Various parties have since variously estimated the extent of that exposure but it does not appear to be more that seven per cent. Even at seven per cent, the majority of the exposure appears to be in senior or super senior tranches of the sub-prime investment category.

This should not ultimately be very vulnerable to total loss. Accordingly, DBRS has largely maintained its rating of the conduits notwithstanding that there is no liquidity. It appears that the assets themselves continue to perform as expected, so the ultimate solvency of the conduits does not appear to be in question.

However, the process itself poses challenges. Some of the ABCP did not have liquidity facilities, but were extendable. In other words, if a market was not available on the maturity of the note, the term of the note was extendable and the interest rate raised. Some of the conduits do not have sufficient revenue to cover the cost of this increased rate.

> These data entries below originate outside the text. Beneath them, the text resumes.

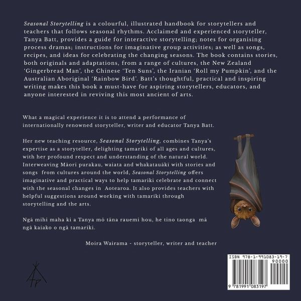 Seasonal Storytelling is a colourful, illustrated handbook for storytellers and teachers that follows seasonal rhythms. Acclaimed and experienced storyteller, Tanya Batt, provides a guide for interactive storytelling; notes for organising process dramas; instructions for imaginative group activities; as well as songs,recipes, and ideas for celebrating the changing seasons. The book contains stories, both originals and adaptations, from a range of cultures, the New Zealand 'Gingerbread Man', the Chinese 'Ten Suns', the Iranian 'Roll my Pumpkin', and the Australian Aboriginal 'Rainbow Bird'. Batt's thoughtful, practical and inspiring writing makes this book a must-have for aspiring story-tellers, educators, and anyone interested in reviving this most ancient of arts. What a magical experience it is to attend a performance of internationally renowned storyteller, writer and educator Tanya Batt. Her new teaching resource, Seasonal Storytelling, combines Tanya's expertise as a storyteller, delighting tamariki of all ages and cultures, with her profound respect and understanding of the natural world. Interweaving M¿ori purakau, waiata and whakataük¿ with stories and songs from cultures around the world, Seasonal Storytelling offers imaginative and practical ways to help tamariki celebrate and connect with the seasonal changes in Aotearoa. It also provides teachers with helpful suggestions around working with tamariki through storytelling and the arts. Ng¿ mihi maha ki a Tanya m¿ t¿na rauemi hou, he tino taonga m¿ ng¿ kaiako o ng¿ tamariki. Moira Wairama - storyteller, writer and teacher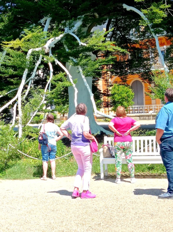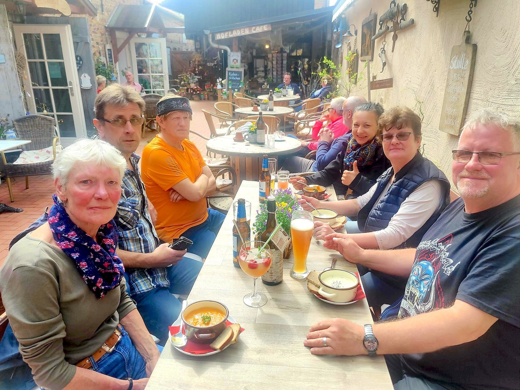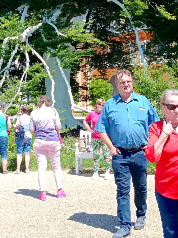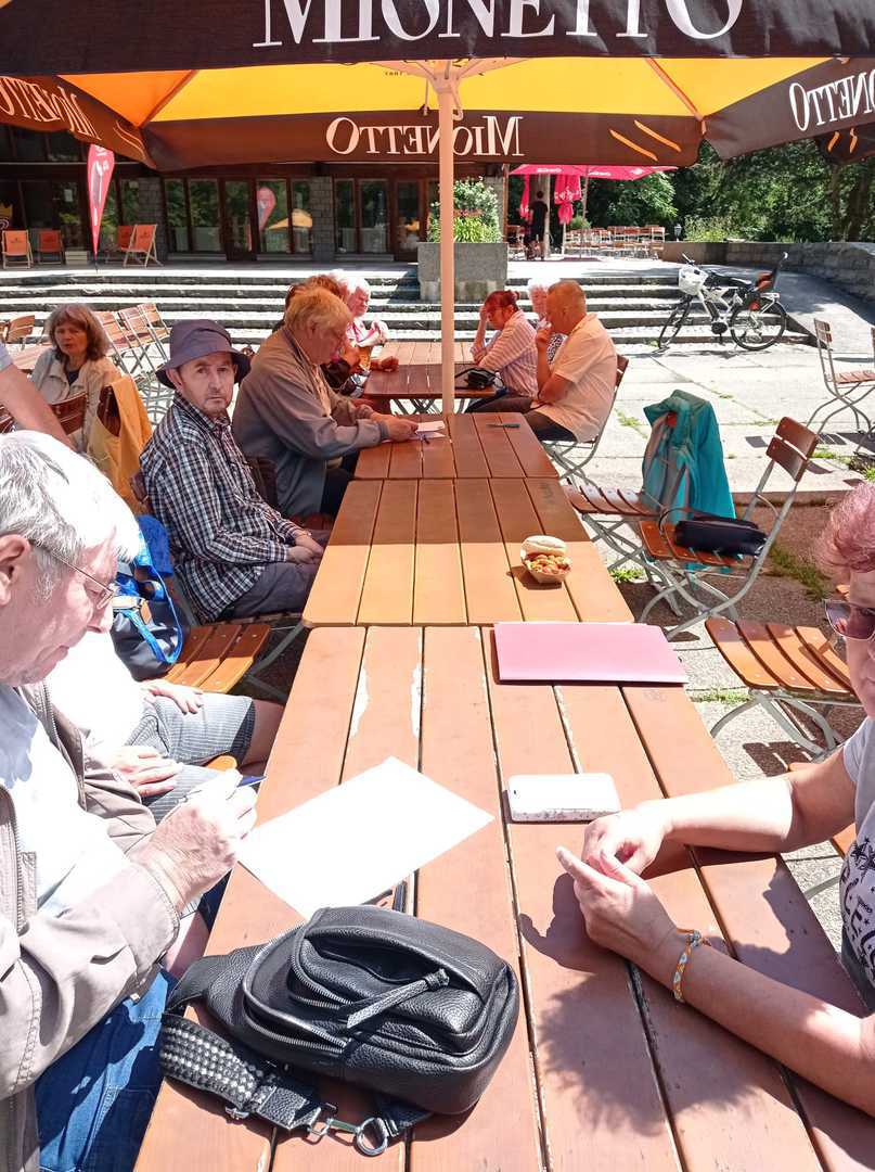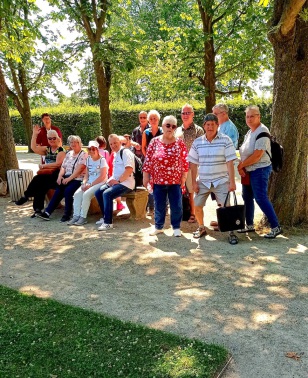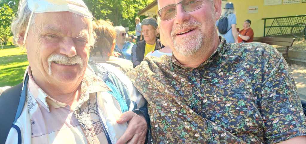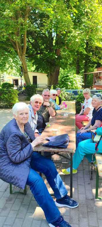 Da gab es zwei Mitglieder, UWE und CHRISTIAN, die eine „Durchhalte-Medaille“ verdienen. Was sich die beiden Fußkranken zugemutet haben, ist lobenswert. Aber auch Dagmar möchte ich nicht vergessen, mit neuem Knie diese Strapaze mit zu machen: 1000 mal Lob. Obendrauf organisierte sie uns allen einen schönen Ausflug mit reibungslosem Ablauf. Danke auch an unsere Mitstreiter, die sich um einen Bus bemüht haben und ein sehr gutes Händchen dafür hatten. Während der Kaffeepause im SCHATTEN gab es genügend Zeit, auch mal persönliche Worte an den einen oder anderen zu richten. Meine Einschätzung, ihr seid großartig, Danke für die Ausdauer. Außerdem ist mir positiv aufgefallen, wie umsichtig alle mit den Schwächeren umgegangen sind, obwohl alle mit Einschränkungen behaftet sind.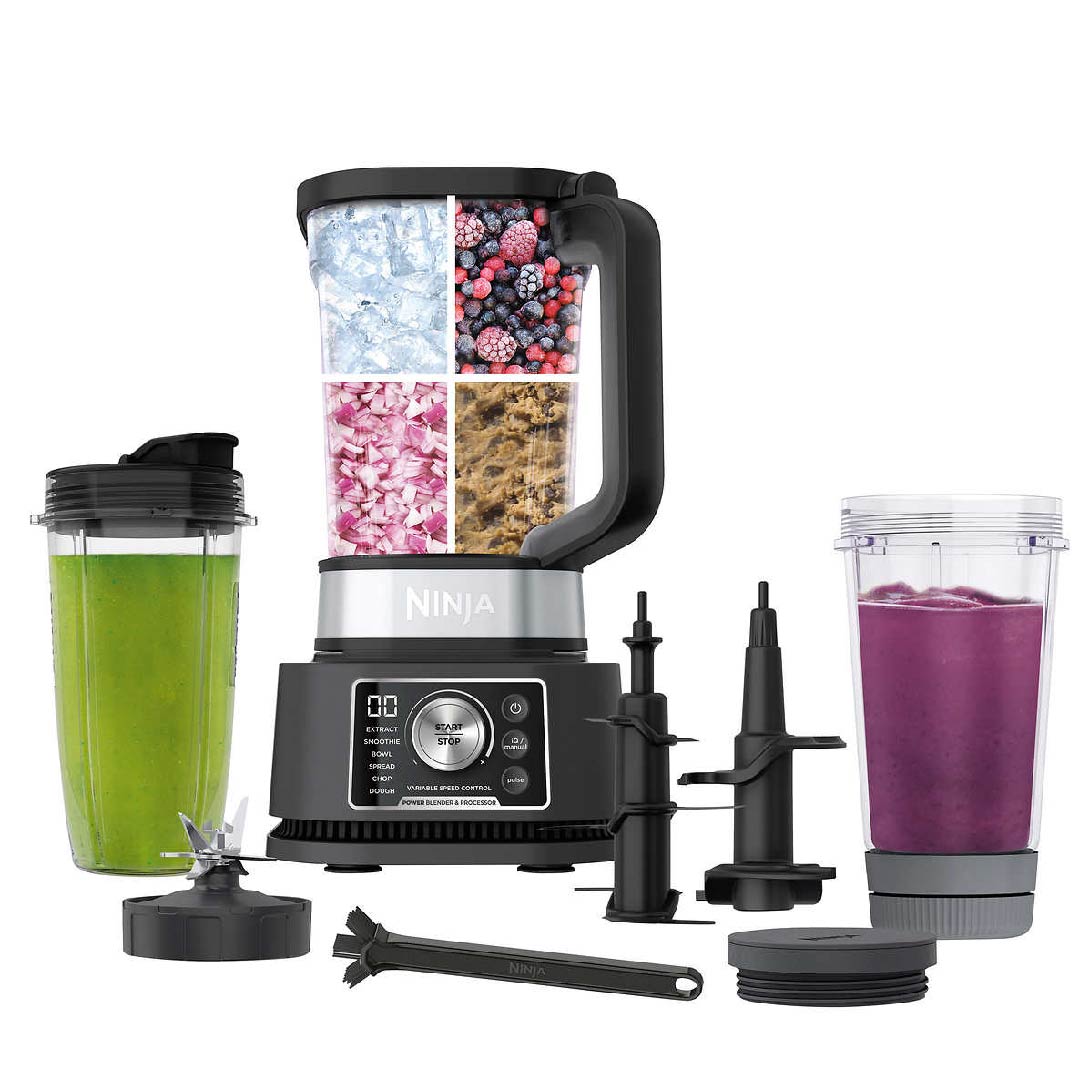 - Incluye: licuadora y jarra procesadora de 72 oz, taza de extracción de nutrientes de 24 oz y batidora de tazones de 14 oz.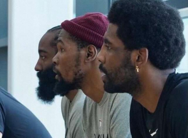 在离开前,篮网还安排了一次球队训练,为G3做好准备。官方同样晒出了一组训练照片。照片中有一张三巨头的训练合影,三人神情专注,2-0领先并不会让他们有丝毫懈怠,毕竟,他们的目标是获胜16场并最终夺冠。杜兰特依然戴着小红帽,这已经是他的训练习惯配置,欧文和哈登坐在杜兰特的两侧。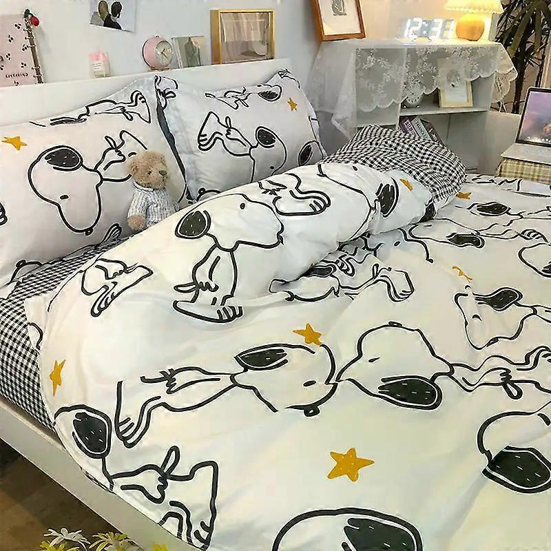 Cute Cartoon Snoopy Bedding Set Girls Boys Dorm Pillow Case Bed Sheet Pillow Case Student Single Double sheet quilt Quilt cover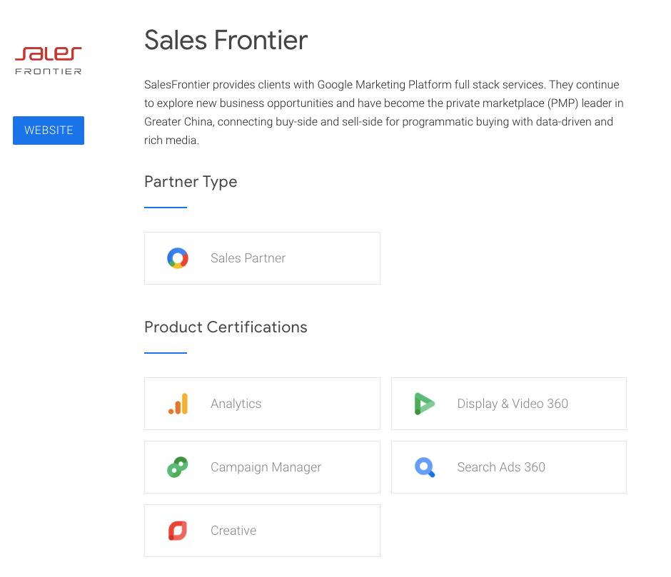 SalesFrontier 成果行銷於 2018 年成為 Google Marketing Platform Partner 亞太區合作夥伴,擁有多項 Google 廣告產品的專業認證,更於 2021 開春,再次榮獲 Google Analytics 官方認證,為值得信賴的數據分析團隊,能以專業洞察分析及技術,為客戶夥伴提供更完整的數據解決方案。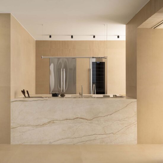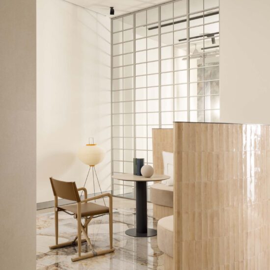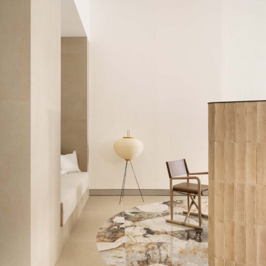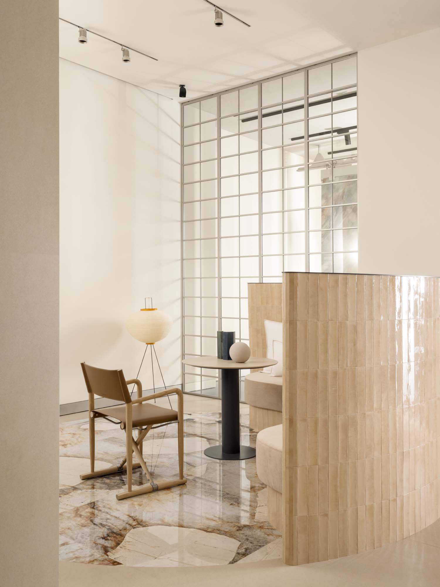 ACPV ARCHITECTS Antonio Citterio Patricia Viel pracował nad definiowaniem ciepłego i otulającego środowiska, w którym niekonwencjonalne użycie porcelanowego gresu wykracza poza prostą okładzinę, stając się autentycznym elementem wyposażenia.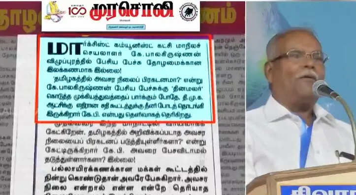 விழுப்புரத்தில் நடைபெற்ற கட்சி பொதுக் கூட்டத்தில் பேசிய மாநில செயலாளர் கே.பாலகிருஷ்ணன், “தமிழகத்தில் போராட்டம் ஆர்பாட்டத்திற்கு நடத்த அனுமதி மறுப்பது ஏன்? தமிழ்நாட்டில் அறிவிக்கப்படாத அவசர பிரகடனம் செய்துவீட்டீர்களா? சீப்பை மறைத்து வைத்துவிட்டதால் திருமணத்தை நிறுத்திவிடலாம் என்று நினைக்க வேண்டாம். விவசாயிகளுக்கு, தொழிலாளர்களுக்கு எதிராக திமுக அரசு செயல்பட்டால் அதற்கு எதிராக போராட்டம் செய்வோம்” எனக் கூறியிருந்தார். இதற்கு கண்டனம் தெரிவித்த திமுக நாளேடான முரசொலி, “தி.மு.க. ஆட்சிக்கு எதிரான சதி கூட்டத்துக்கு தீனி போடத் தொடங்கி இருக்கிறார் கே.பாலகிருஷ்ணன்.... மார்க்சிஸ்ட் மாநில செயலாளர் கே.பாலகிருஷ்ணனின் பேச்சு தோழமைக்கு இலக்கணம் அல்ல. தமிழகத்தில் அவசர நிலைப் பிரகடனமா? என அவர் பேசியதை தடுக்கவில்லை. தமிழ்நாட்டில் போராட்டமோ, ஆர்ப்பாட்டமோ நடத்தப்படவில்லையா? நடக்கவே இல்லையா? போராட்டங்களை நடத்திவிட்டு போராட்டம் நடத்த அனுமதிப்பது இல்லை என்று சொல்வது கூட்டணி அறமும் அல்ல, அரசியல் அறமும் அல்ல, மனசாட்சிக்கும் அறமல்ல” என சாடியிருந்தது.

In addition, the burden of funding the process associated with the Montreal Accord must be considerable, consisting as it does of the most senior accounting and legal professionals on Bay Street. It is interesting to note that the Skeena conduit, which is the only Canadian conduit to have been successfully restructured, saw investors basically get their money out except for a fairly significant charge for “restructuring expenses”. Skeena was easy. The remaining twenty or so conduits will be a much greater challenge and involve much greater legal and accounting time and energy.

Having said that there may be no ultimate insolvency risk in the conduits does not mean that the value of the underlying assets is stable. CDO prices have risen considerably, by a factor of four or five times, since Aug. 13.

If the conduits wished to sell their CDO assets in the current market, those assets would be worth considerably less than they were worth on the day they were acquired.

The decline in value is magnified for leveraged positions. It is difficult to estimate the extent of the decline, but the CICA has recently stated that holders of this class of ABCP in general should be thinking about discounts in the 15 to 20 per cent range when reporting the value of these assets on their balance sheets. It is hard to tell whether this guidance is conservative or not, because there is no market.

That brings me to the final point of this article. The committee established under the Montreal Accord to manage this process has stated that it does not wish this commercial paper to trade until the conversion to FRNs has been accomplished. There is no legal restriction on the trading of these instruments. However, the committee has made it difficult to obtain information regarding the underlying assets of the conduits in what appears to be an effort to make it difficult or impossible for holders to trade.

This approach is distressing. Last time I checked, this was a free market economy, not one being run for the benefit and convenience of institutional investors.

However, there is free market light on the horizon. A small Toronto brokerage has indicated that it will list the ABCP issued by the remaining non-bank conduits. This should provide a forum in which willing buyers can at least exchange information with willing sellers. DBRS has also published more detailed analysis of the assets underlying the remaining non-bank conduits.

While not complete disclosure, this information may be sufficient to allow a market to emerge. Sellers will face a disadvantage because they will be unable to provide detailed information on the assets in the conduits whose ABCP they hold. There will doubtless be a price associated with that lack of clarity, but there is a reasonable chance that trading at some level will occur. If that happens, we may start to see market discipline imposed upon this process.

Sam Billard is a partner at Aird & Berlis LLP practising primarily in the debt finance area.